There was some Christian comedian/evangelist who made his name as a former high priest of Satan who sacrificed kids, or some nonsense before it came out he was a fraud.
I remember another I used to listen to on the radio who would perform on air exorcisms.
Then there was all the nonsense about Proctor and Gamble products containing the mark of the beast.
I used to buy all those Satanic Panic rock music books for a laugh, and to get suggestions of albums to buy.
Elessar Zappa
(16,385 posts)You can imagine the gnashing of teeth by my evangelical aunt and uncle.
AZSkiffyGeek
(12,744 posts)But they still side-eyed my listening to Black Sabbath in high school. Which is especially funny because KISS was okay with them when I was like 7.
progressoid
(53,179 posts)Play It Backwards! Are diabolical messages hidden in songs?

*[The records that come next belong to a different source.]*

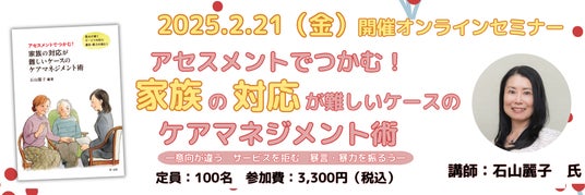 法律関連出版物、各種データベースを提供する第一法規株式会社(所在地:東京都港区、代表取締役社長:田中 英弥)は、無料オンラインセミナー「アセスメントでつかむ! 家族の対応が難しいケースのケアマネジメント術―意向が違う サービスを拒む 暴言・暴力を振るう―」を、2025年2月21日(金)に開催します。
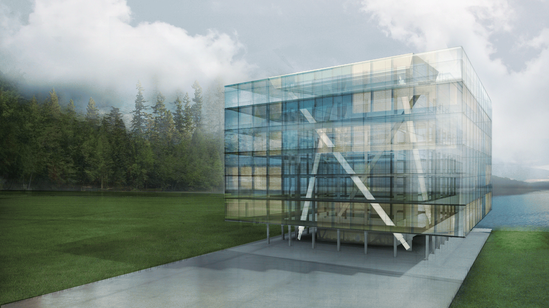 The Twist Library separates structure into tension and compression. Unlocked, it springs into a lighter, taller, and airier structure. With all essential library functions packaged into a central core, the exterior nesting spaces are flexible to transformations in program, layout and expectation.
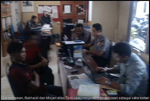 "Disitulah terjadi penganiayaan, karena kami tidak mau mengungkap nara sumber dugaan masalah raskin itu. Saat kami akan pulang, saya ditampar, ditarik sampai terlentang dan dipukuli Fadli bersama Kepala Dusun, Jaafar. Sedangkan Tomi di pengangi temannya Fadli yang juga hadir di lokasi," kata Bukhaidi.
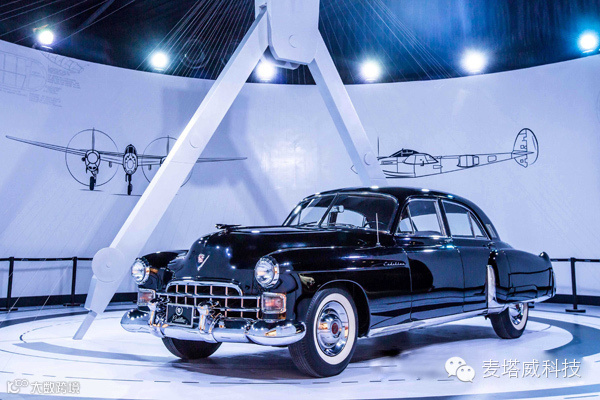 Fleetwood 60 special展厅中,弧形的展示墙、圆规形状的装置作品《几何》及P38战机元素深刻地诠释了这款意义非凡的凯迪拉克车型,二战后设计师们才思涌动,不仅大量使用空气动力学设计车身,增加了车身及车尾线条的弧度,使车身整体更趋近于圆润,而与飞机风挡设计一致的弧形风挡玻璃,也被第一次运用到了汽车上。此外,向二战英雄战斗机P38致敬的尾鳍设计理也念融入Fleetwood车型之中,开创了凯迪拉克“尾鳍设计”的先河,诞生于此的精准艺术,为凯迪拉克品牌未来的设计勾勒出了清晰的轮廓。
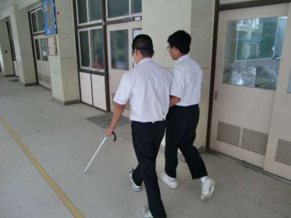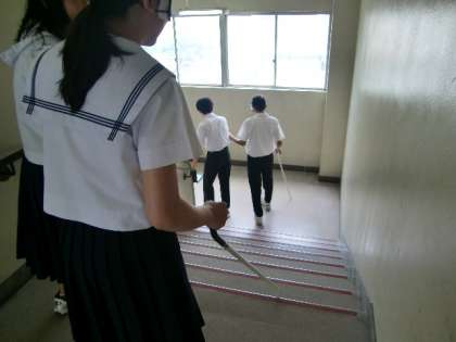 2人一組になり、校内の廊下や階段を「アイマスクをつけて歩く生徒」と「誘導する生徒」、また、「白杖を使って歩く生徒」と「誘導する生徒」を交互に体験しました。
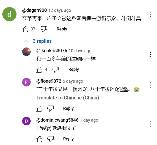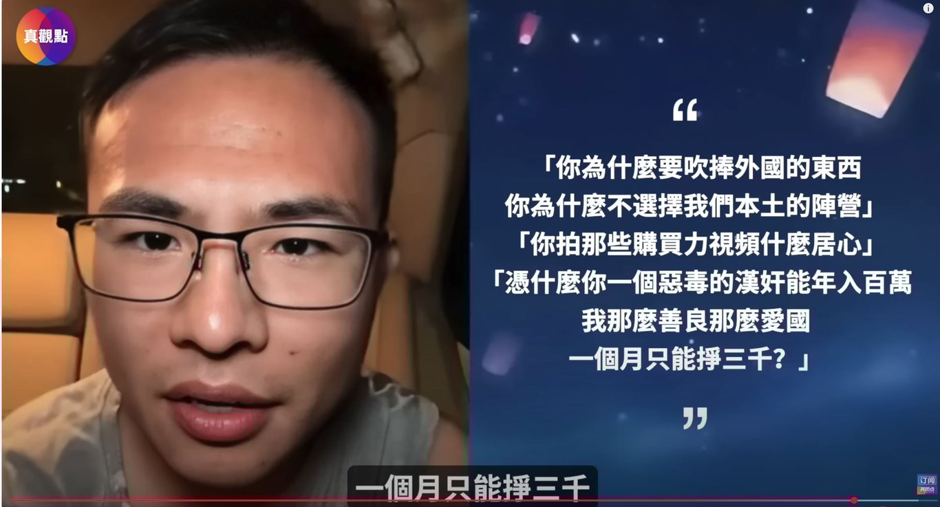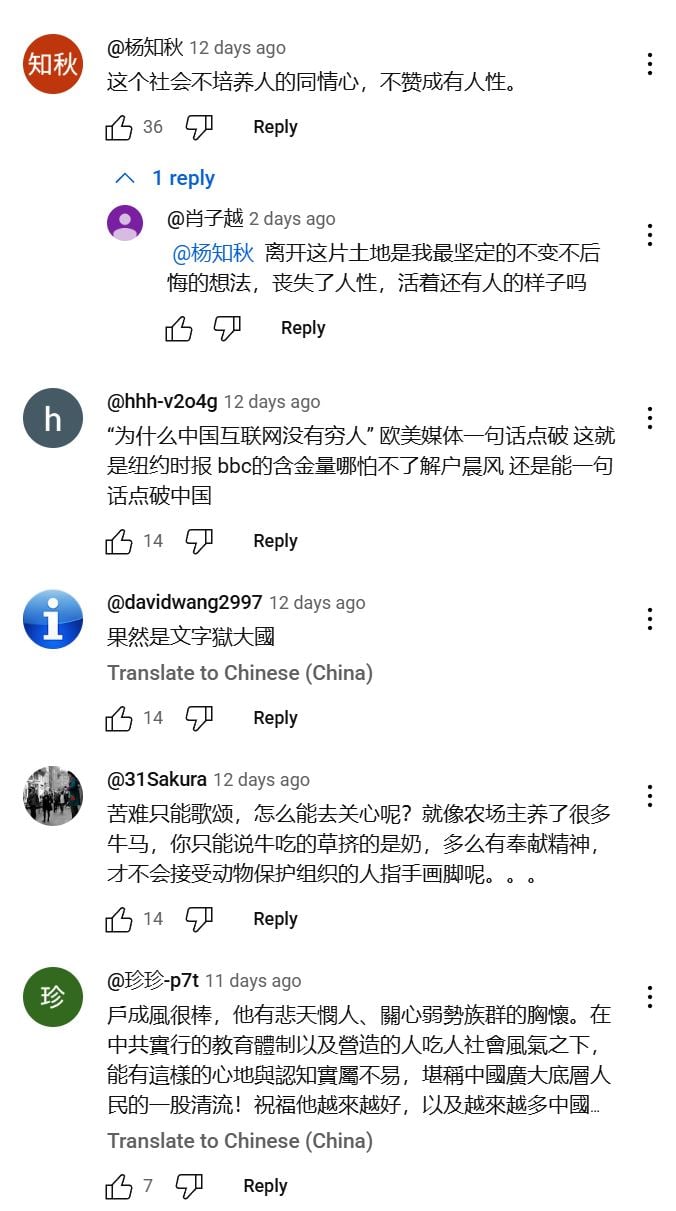 他說自己在美國住了十七年,卻指責戶晨風不愛國;可他死也不願離開美國回到他口中的祖國生活;當被要求「下樓拍個視頻」以證明戶晨風的說法有無虛實時,他卻連露面都不敢,反而花了三十三分鐘挑剔質問、惡意拆解,只為了使壞。這種嘴上正義、實際怯懦的行徑,正是當代網路暴力的縮影。
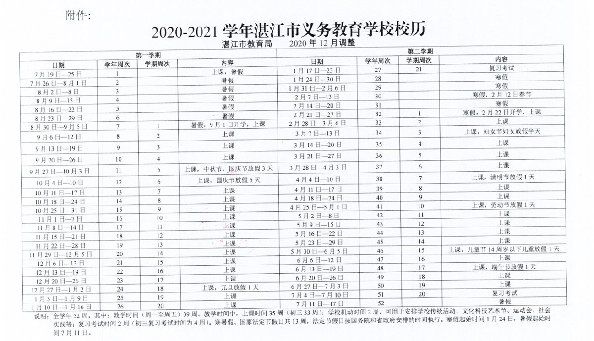 2021湛江中小学寒假放假时间安排(2021年湛江寒假中小学放假时间表)

There are myths about many songs that they contain satanic messages when played backwards. For us, Halloween is the ideal occasion to listen more closely to the musical darkness with backward messages in songs. Read more in the following lines if you dare! ??
Bongo Prophet
(2,753 posts)And, as if by magick, they hear what they were told it would say. Basic psychological manipulation.
progressoid
(53,179 posts)of the rock and roll. I was like 12 or 13 and thought, "I gotta listen to this Pink Floyd group! Dark Side of the Moon? That sounds pretty cool"
Bongo Prophet
(2,753 posts)Many discoveries come from people warning you of things that only give birth to discovery.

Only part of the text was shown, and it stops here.